Quote:
Originally Posted by chandrika
Is that because they will spoof their ip addresses to look like the SE spiders IP addresses?
I have also tried limiting the number of allowed connections to my server, so that no one IP can have more than a set number of connections going without getting blocked. As I was told that the SE do not make so many connecions, that that is only scrapers and it does not appear to have hampered the legitimate bots doin that.
But these sites, I do not think they are directly spidering my site, I know they can, but it would be alot less easy for them than just having the urls given to them in the sitemap, which can simply be uploaded to their database for use in this link hijacking, without having spidered anything.
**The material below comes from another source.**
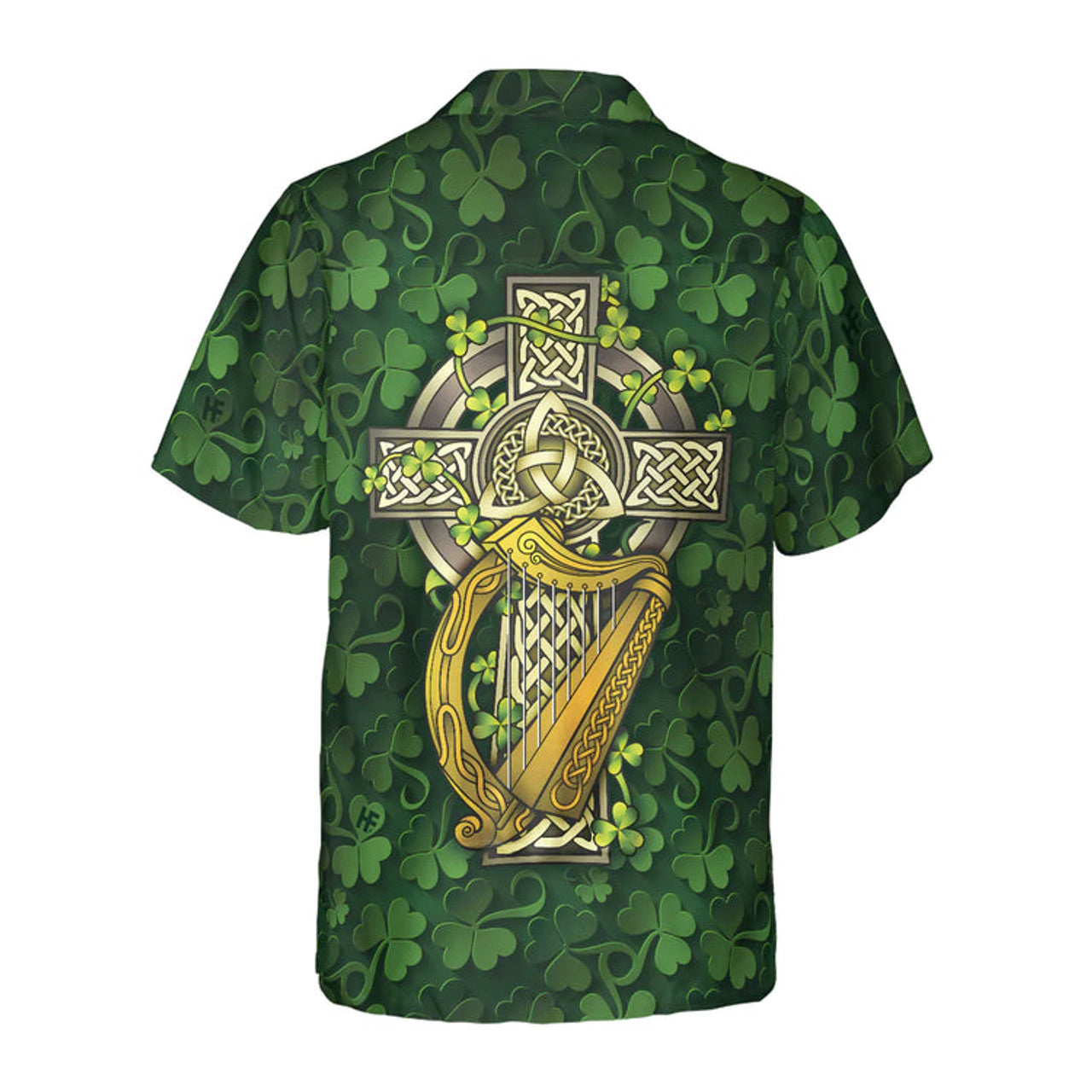 Saint Patrick's Day Shamrock Celtic Cross Harp Irish Hawaiian Shirt

I previously reported a couple of these sites to Google and I have noticed they have been removed, but I dont want to spend my days reporting stuff like that. I just want to secure my site so it isnt an issue and I can get on with my work.
|
Legitimate spider/crawlers/robots do not need a site map in order to index a site; therefore, there is no need for scrapers to impersonate SEs in order to do their job. All of these do precisely the same thing - locate and retrieve data from your site. The difference lies solely in what they do with this data once it's been obtained.
And, as there are legitimate uses for scrapers, I should not be surprised to find that some observe the rules set forth in a site's meta-data instructions to robots.
The only way to stop any undesired bot from accessing your site, regardless of its purpose, is to identify and block the IP address(es) that it uses.